» **Goal of the exercise**:
The lines below, from the first through the one containing "Moody Abstract Art", are to be given again exactly, with pictures left out and nothing added.

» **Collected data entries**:
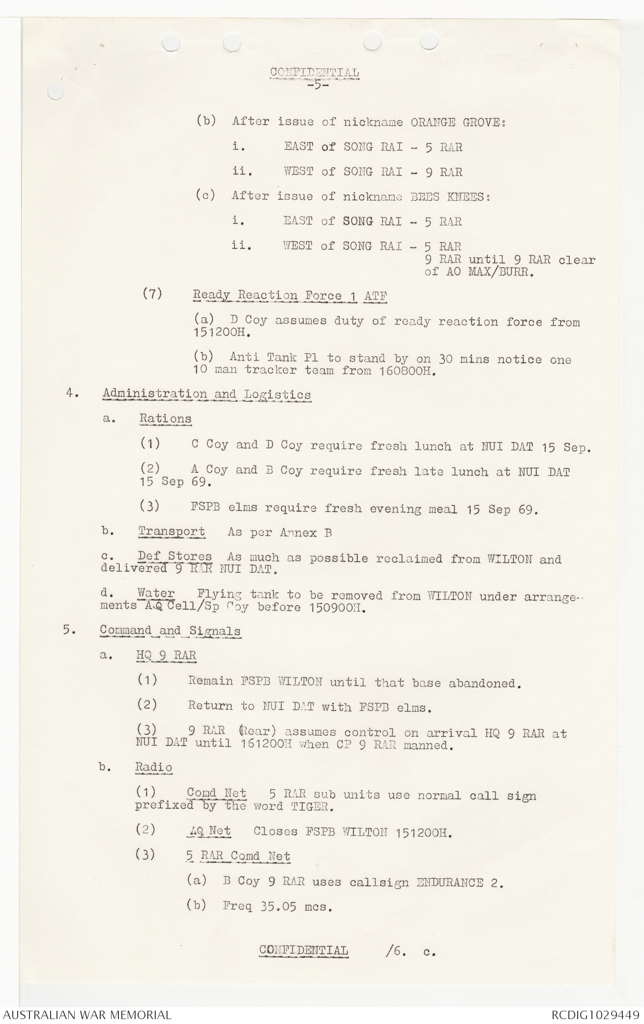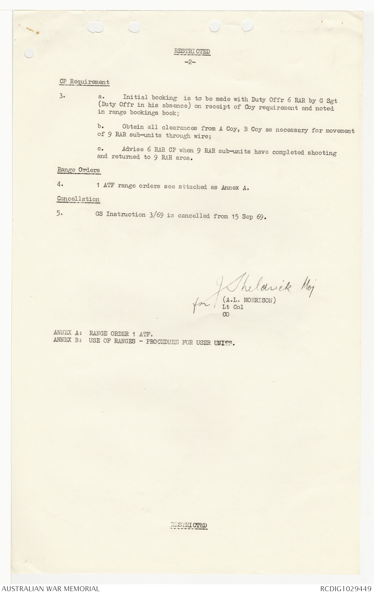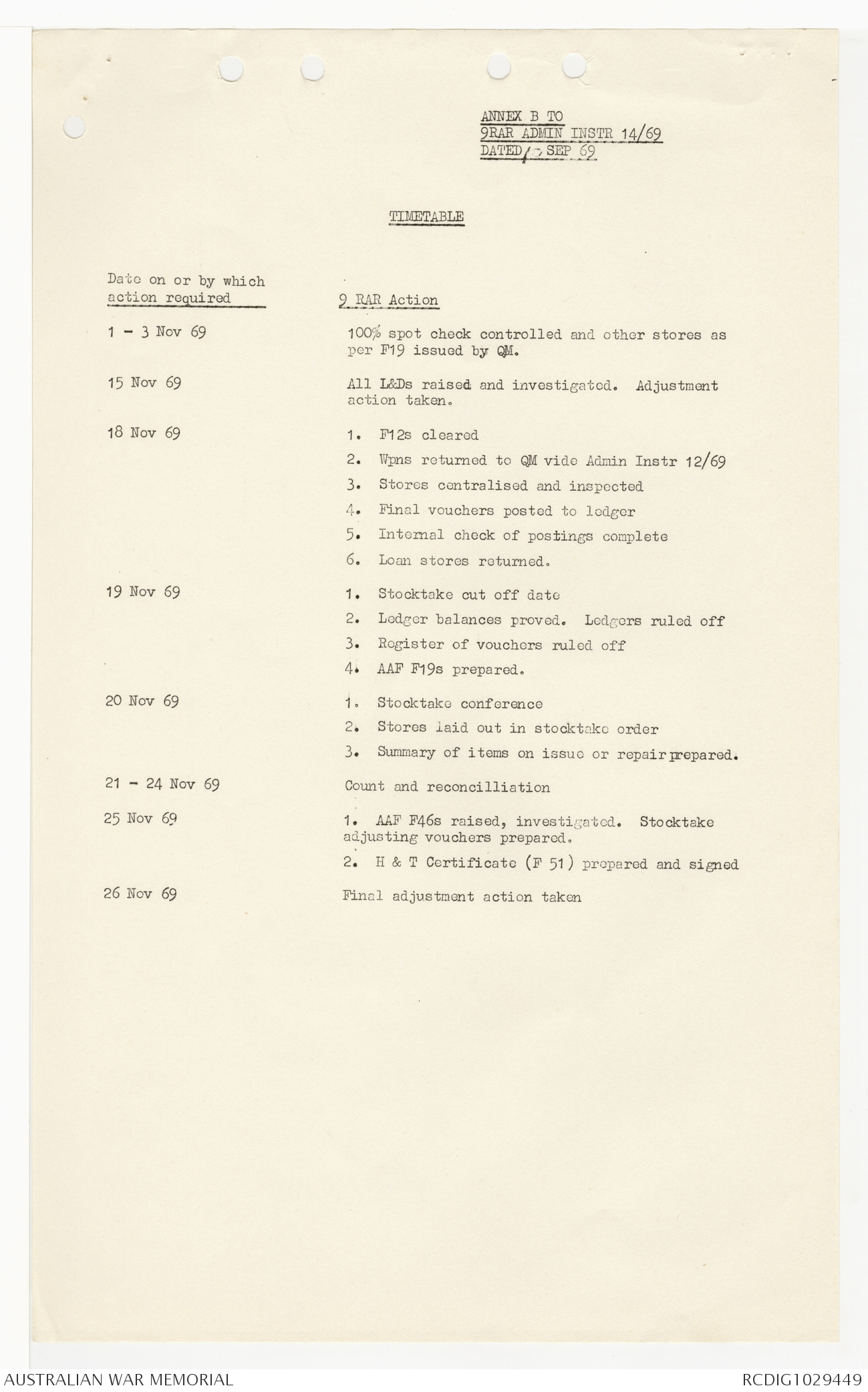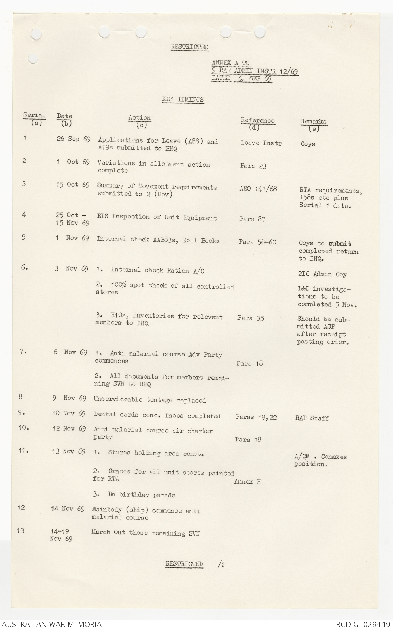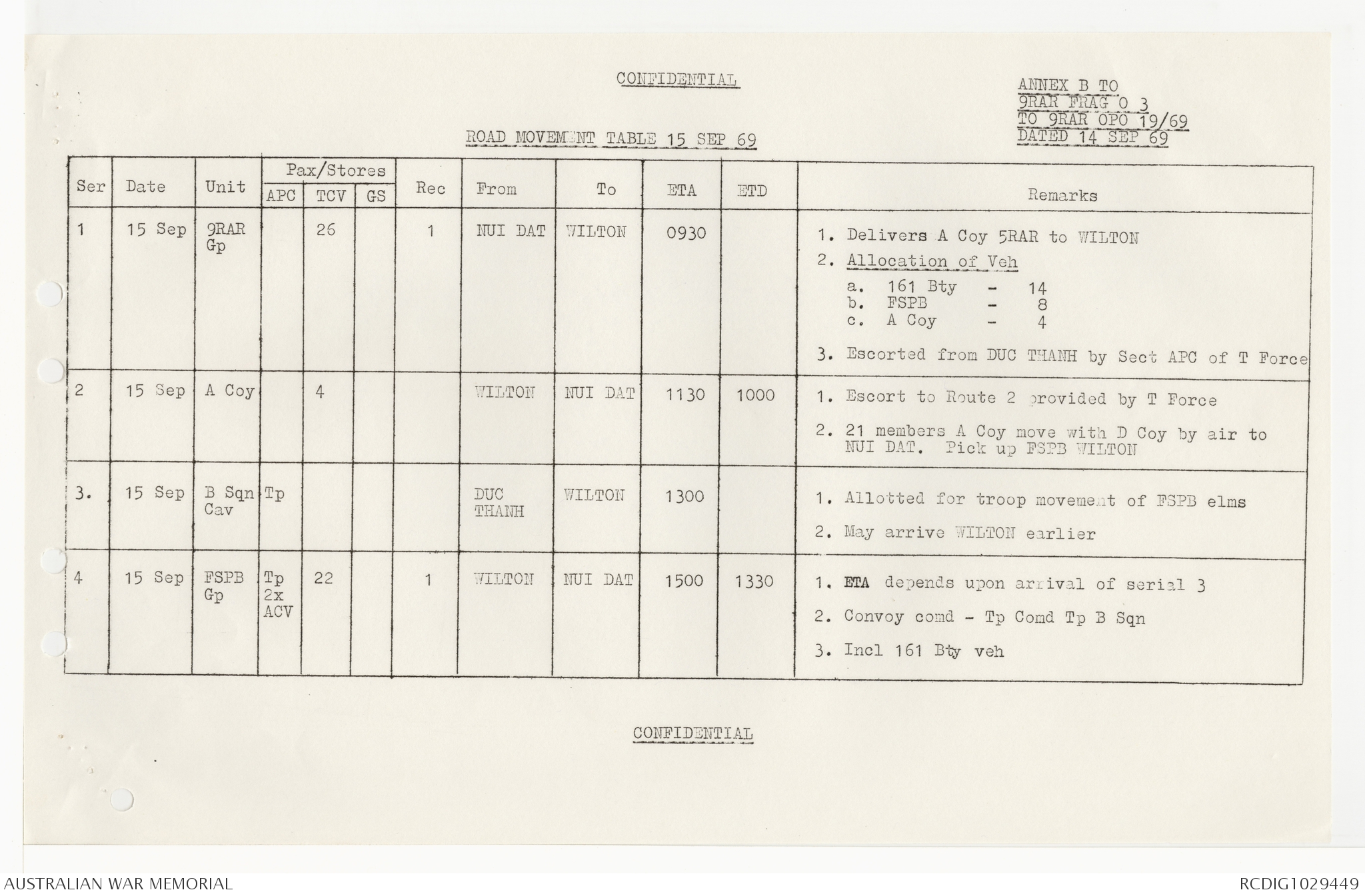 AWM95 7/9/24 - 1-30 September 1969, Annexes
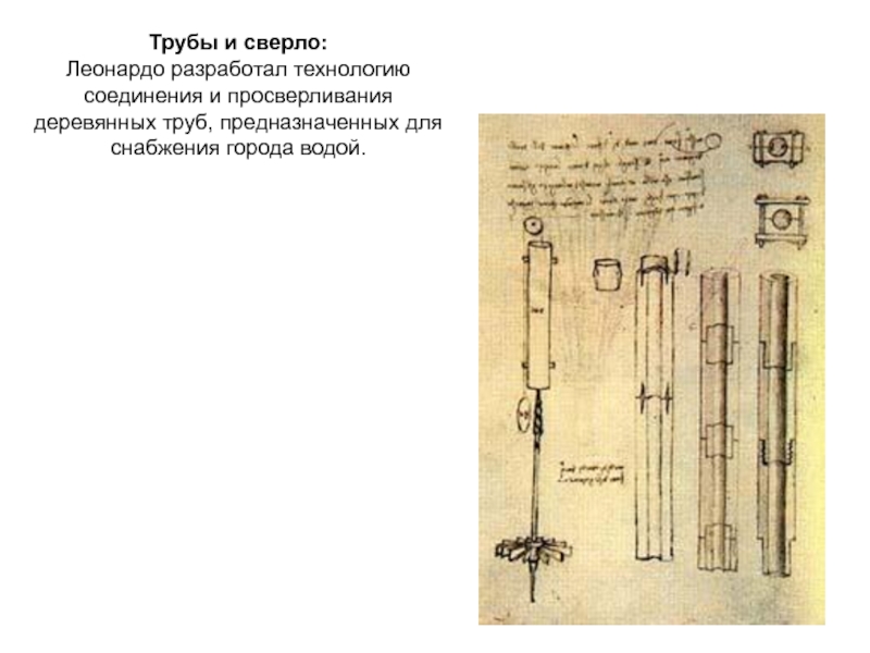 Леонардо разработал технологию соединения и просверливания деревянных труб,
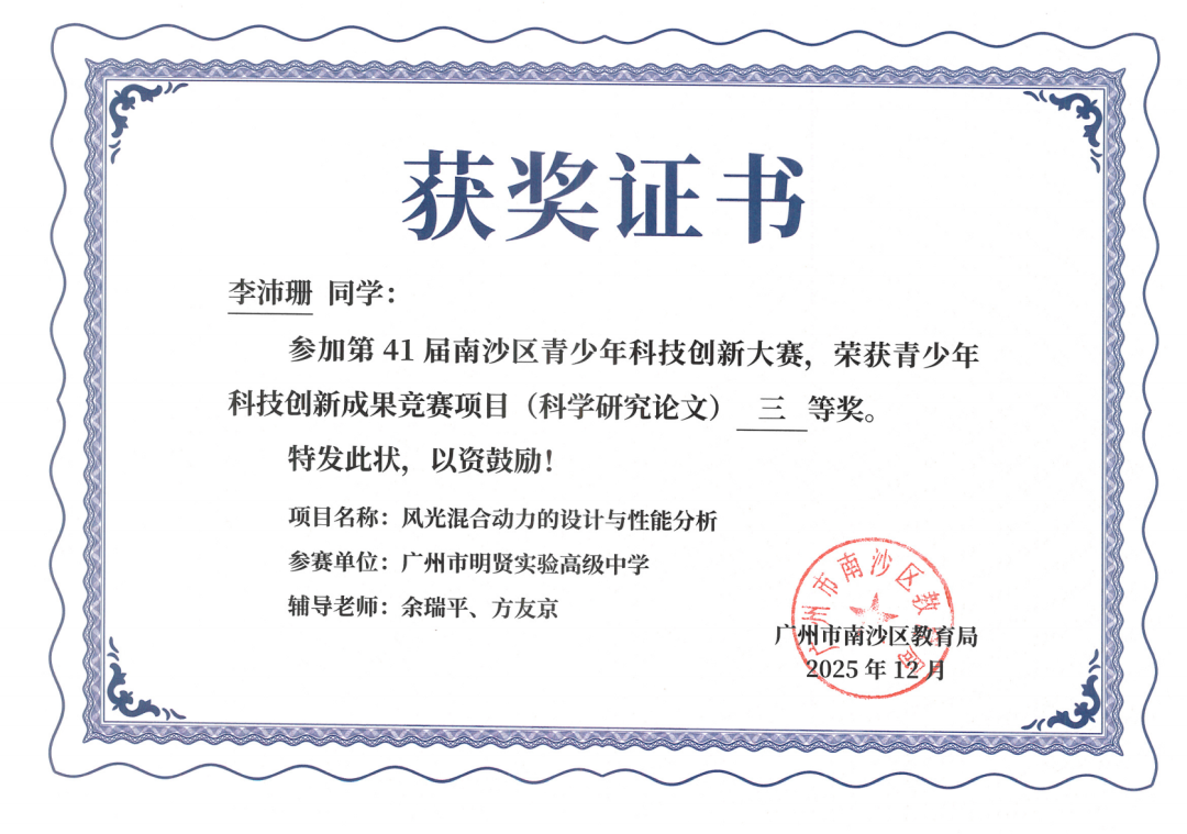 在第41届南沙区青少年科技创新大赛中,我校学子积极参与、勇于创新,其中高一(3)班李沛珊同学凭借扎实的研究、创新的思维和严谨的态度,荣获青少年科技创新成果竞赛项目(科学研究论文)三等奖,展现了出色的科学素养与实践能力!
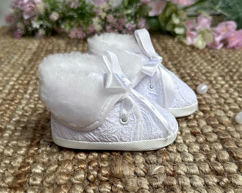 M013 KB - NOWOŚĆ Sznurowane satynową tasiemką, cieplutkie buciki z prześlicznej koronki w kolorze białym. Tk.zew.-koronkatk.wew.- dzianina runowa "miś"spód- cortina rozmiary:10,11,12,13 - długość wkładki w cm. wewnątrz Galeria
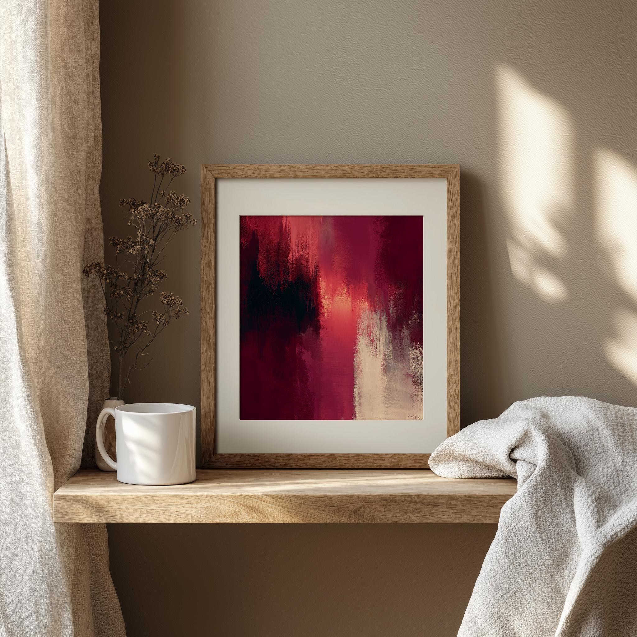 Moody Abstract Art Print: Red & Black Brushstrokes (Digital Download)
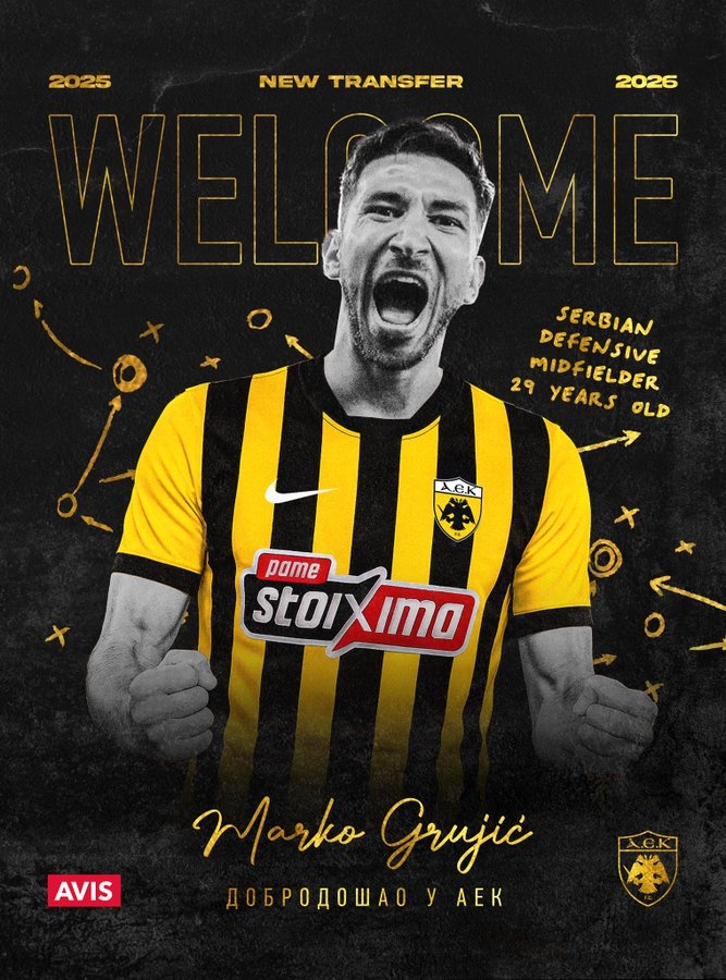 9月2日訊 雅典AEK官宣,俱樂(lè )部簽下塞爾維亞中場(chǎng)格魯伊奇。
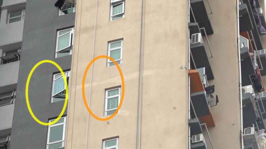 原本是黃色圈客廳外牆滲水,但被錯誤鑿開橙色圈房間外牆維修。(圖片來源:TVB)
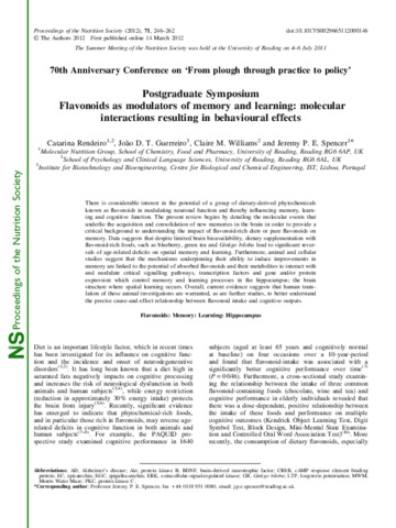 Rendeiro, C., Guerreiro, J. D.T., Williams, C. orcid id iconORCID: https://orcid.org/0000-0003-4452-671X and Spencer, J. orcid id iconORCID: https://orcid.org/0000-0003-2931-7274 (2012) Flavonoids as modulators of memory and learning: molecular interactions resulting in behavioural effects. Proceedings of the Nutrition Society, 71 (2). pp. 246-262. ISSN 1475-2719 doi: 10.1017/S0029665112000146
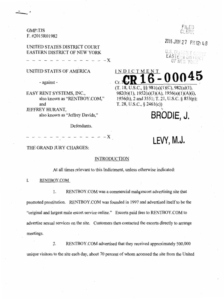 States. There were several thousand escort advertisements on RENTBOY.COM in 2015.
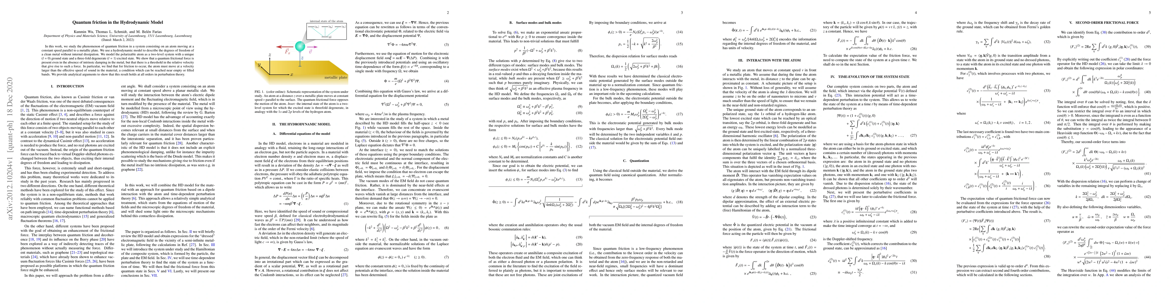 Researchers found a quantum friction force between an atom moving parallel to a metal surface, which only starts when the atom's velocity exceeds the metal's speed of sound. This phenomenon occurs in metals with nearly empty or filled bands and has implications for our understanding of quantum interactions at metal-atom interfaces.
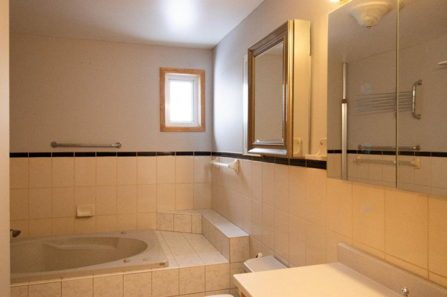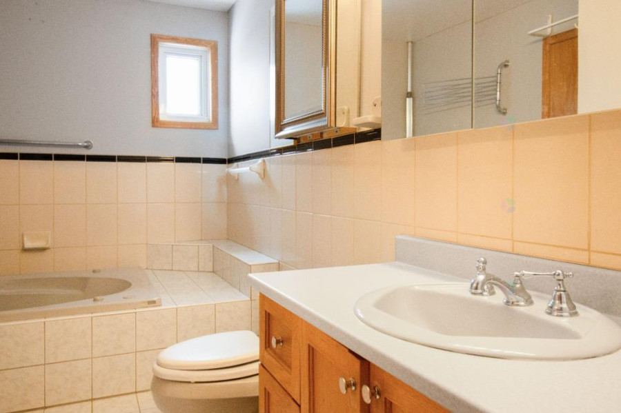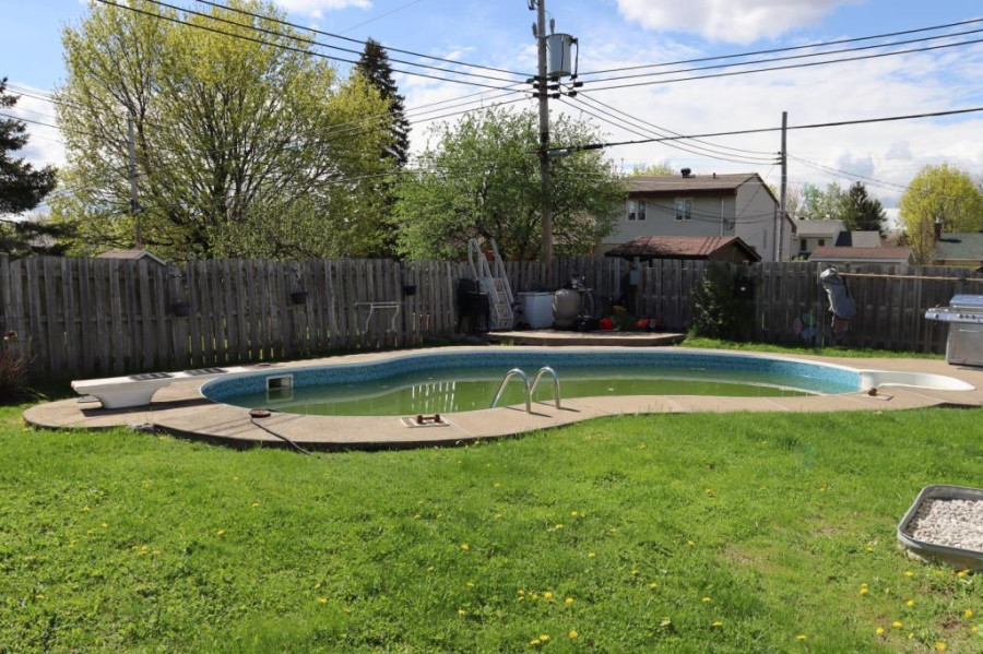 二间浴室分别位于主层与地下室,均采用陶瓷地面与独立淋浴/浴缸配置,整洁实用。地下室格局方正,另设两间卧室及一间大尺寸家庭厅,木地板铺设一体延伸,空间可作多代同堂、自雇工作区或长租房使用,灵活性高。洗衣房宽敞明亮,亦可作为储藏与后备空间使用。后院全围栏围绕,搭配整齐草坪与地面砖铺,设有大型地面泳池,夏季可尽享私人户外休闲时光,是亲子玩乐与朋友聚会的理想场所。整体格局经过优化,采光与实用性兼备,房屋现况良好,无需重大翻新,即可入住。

» **Expected answer**:
 AWM95 7/9/24 - 1-30 September 1969, Annexes
 Леонардо разработал технологию соединения и просверливания деревянных труб,
 在第41届南沙区青少年科技创新大赛中,我校学子积极参与、勇于创新,其中高一(3)班李沛珊同学凭借扎实的研究、创新的思维和严谨的态度,荣获青少年科技创新成果竞赛项目(科学研究论文)三等奖,展现了出色的科学素养与实践能力!
 M013 KB - NOWOŚĆ Sznurowane satynową tasiemką, cieplutkie buciki z prześlicznej koronki w kolorze białym. Tk.zew.-koronkatk.wew.- dzianina runowa "miś"spód- cortina rozmiary:10,11,12,13 - długość wkładki w cm. wewnątrz Galeria
 Moody Abstract Art Print: Red & Black Brushstrokes (Digital Download)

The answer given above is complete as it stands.